Middle East expert Robert Fisk does a critique of the "Baker Report"--see below. If you really want to take the "Baker Report" seriously and act upon it to make genuine progress toward peace, stability and justice in the Middle East, herewith are a few suggestions. Drastic measures need to be taken now, not later. We have had a bellyful of nonsense up to this point from Bush, the media, the Democrats and from what is left of the befuddled Republicans.

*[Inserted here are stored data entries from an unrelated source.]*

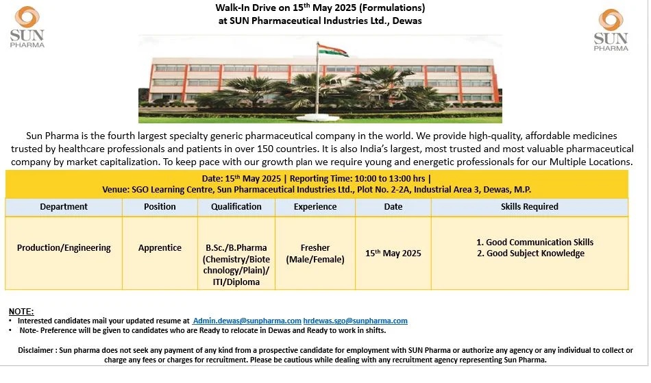 Sun Pharma – Walk-in interview for Freshers on 15th May 2025
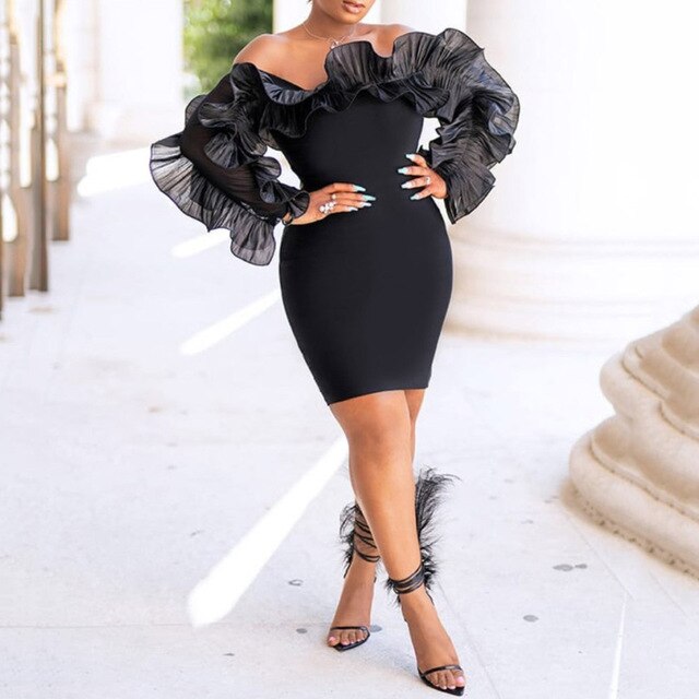 Off Shoulder Purple Elegant Cocktail Long Sleeve Women's Dress
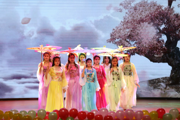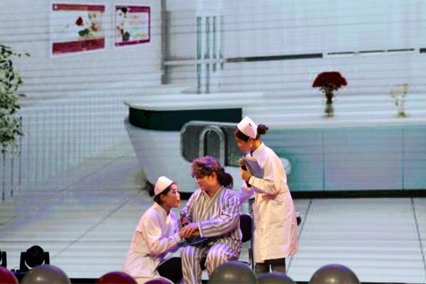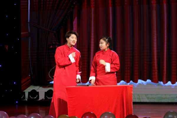 第二篇章“翰墨传情,医路起航”:流行舞《Hold your heart》 燃爆全场,点燃了现场的气氛。在桃花灼灼的背景下,由王丽群老师、魏昱带来的歌曲《凉凉》,为晚会增添了风采;歌曲串烧《父亲写的散文诗》《空白格》等轮番上场,或浪漫温馨,或轻快悠扬,或活泼动感,风格各异,变幻多姿,让观众心旷神怡,沉醉其中。歌曲串烧,新颖别致,独具一格,让人感受到了不一样的情怀。更有相声表演《有哲理的环保》,幽默风趣的捧哏,引得观众们掌声连连,欢笑不断。
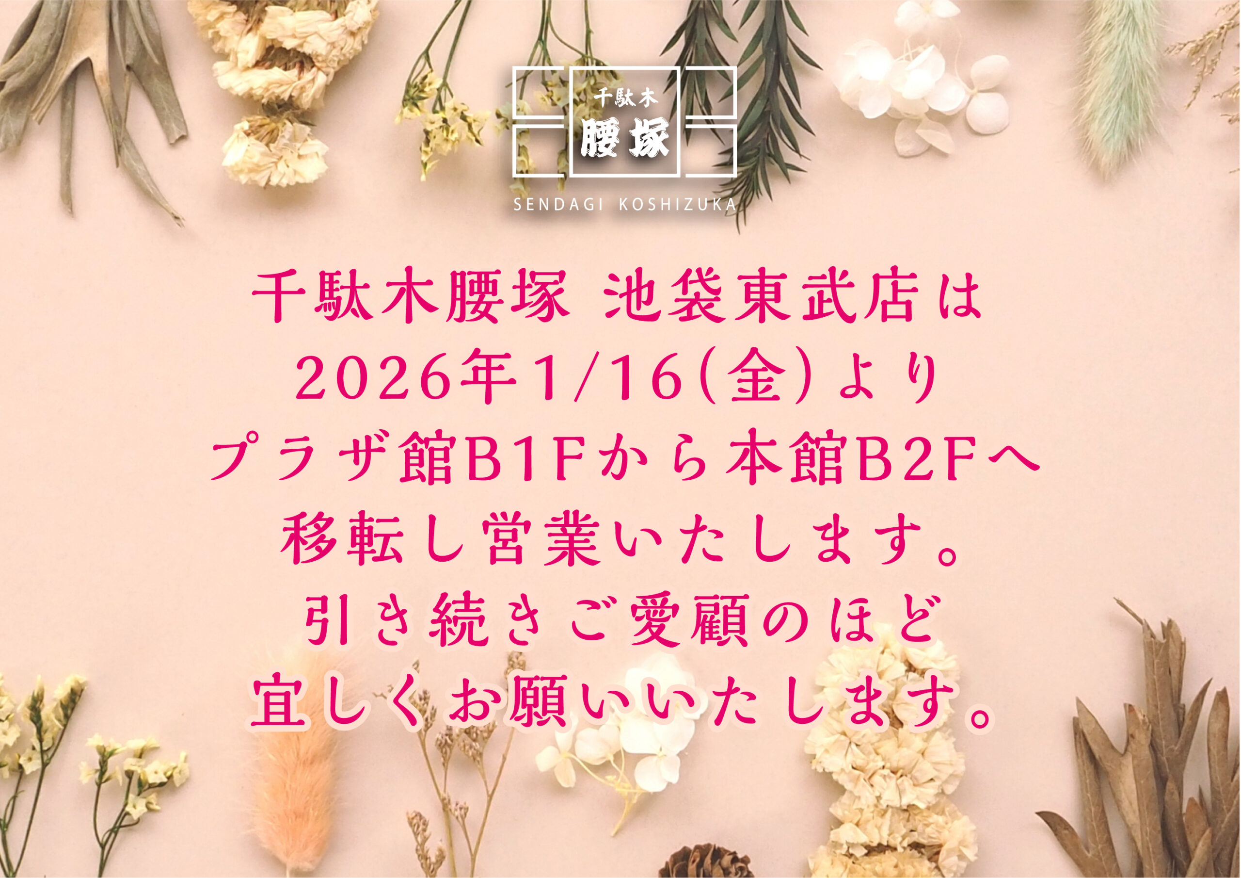 千駄木腰塚 東武池袋店は 2026年1/16(金)より本館B2Fへ移転し、引き続き営業いたします。

The first thing which ought to be done is to fire Condoleezza Rice, and replace her with James Baker, as Secretary of State. Rice is a disaster, as is Bush himself. Baker at least has credibility. President Bush can turn the entire Iraq/Middle East fiasco over to Baker, with full authority to do whatever Baker thinks best. Let Baker try to implement his own report with his people. If Bush can be brought to his senses for just a day or two, Bush can do this. It might salvage his failed Presidency.

The second thing, Dick Cheney should be urged and pressured to resign for health reasons. If he refuses, he should be sidelined by Bush from having anything to do with foreign or military affairs. Cheney's huge staff, which amounts to a shadow Presidency, should be eliminated. Under the Constitution, the Vice President has no power or duties, except those delegated to him by the President. Cheney must be cut off at the knees, before he does any further damage to the country. Let him retire and go duck shooting.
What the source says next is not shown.